A gradual transformation from a military station to a civilian town began as Roman imperial power waned and was then replaced by the Byzantine era. From the 5th to 8th centuries, Umm el-Jimal prospered as a rural farming and trading town. During this period of prosperity, many residents converted to Christianity, resulting in an explosion of church construction: Fifteen churches were built in the late 5th and 6th centuries. The population of Umm el-Jimal likely grew to between 6,000 and 8,000 people during this time. Evidence of this culture is found throughout the site in the form of Christian symbols on houses and churches.
Umm el-Jimal’s local agricultural culture continued after the Muslim conquest and under the Umayyad caliphs during the 7th century. Though the site decreased in size, some new construction took place. This construction included private houses, possible conversion of several structures into mosques, and the remodeling of the Praetorium with frescoed walls and mosaic floors. Around this time, Umm el-Jimal’s population decreased—most significantly after an earthquake hit Umm el-Jimal in A.D. 749. The site was gradually abandoned during the 9th century, in the Abbasid era.

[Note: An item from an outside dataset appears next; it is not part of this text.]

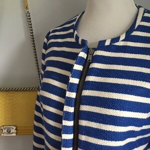 Beautiful blue and off white striped blazer / jacket. Full zipper closure in front. Fully lined. Excellent condition.
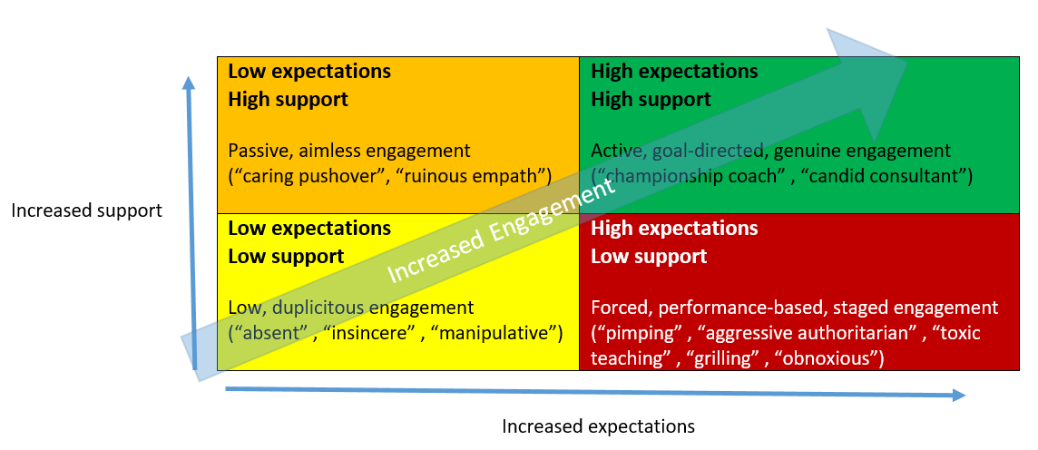 Longitudinal mentorship according to Daloz’s model (Figure below) allows high expectations and high caring to not be at odds. That said, the higher the expectations, the higher the mandate for support. Modular curricula may be able to allow for integration and assessment of new content, but it cannot teach moral judgement or character. It also cannot tailor precise learning experiences to maximize learner impact.

For more than 1100 years the ancient city lay nearly deserted and untouched. The durability of basalt masonry and the town’s high-quality construction enabled a remarkable state of preservation over that period: today over 150 structures still stand, some up to six stories high.
The site was re-occupied first by Druze fleeing settlement conflicts in the Jebel and then brought in by the French army in their post WW I efforts to control north Jordan. During that period, virtually every building was reused or reconstructed, making the site habitable for the Druze. The Druze abandoned the town around 1935 when the fixing of the modern border between Jordan and Syria cut off their access to the Jebel Druze in the north. Some Druze families returned north to the mountain, while others scattered within Jordan—mostly to Amman.
After the Druze abandonment, the Mas’eid tribe, which had been using Umm el-Jimal for seasonal grazing alongside the Druze, settled in the area and made the antiquities part of their community. They reused the deserted buildings of the Druze and pitched tents in front of them, especially during the summer time.
For awhile many Mas’eid children were educated in schoolrooms adapted from the Byzantine structures. After Jordan’s government prohibited such use of the antiquities, the Mas’eid founded and constructed the modern town, which soon engulfed the ancient site. The Jordanian Department of Antiquities subsequently fenced off the ruins in 1972. The modern village has continued to grow since the 1950s, and now constitutes a community of about 4,000 with its own well-run municipal government.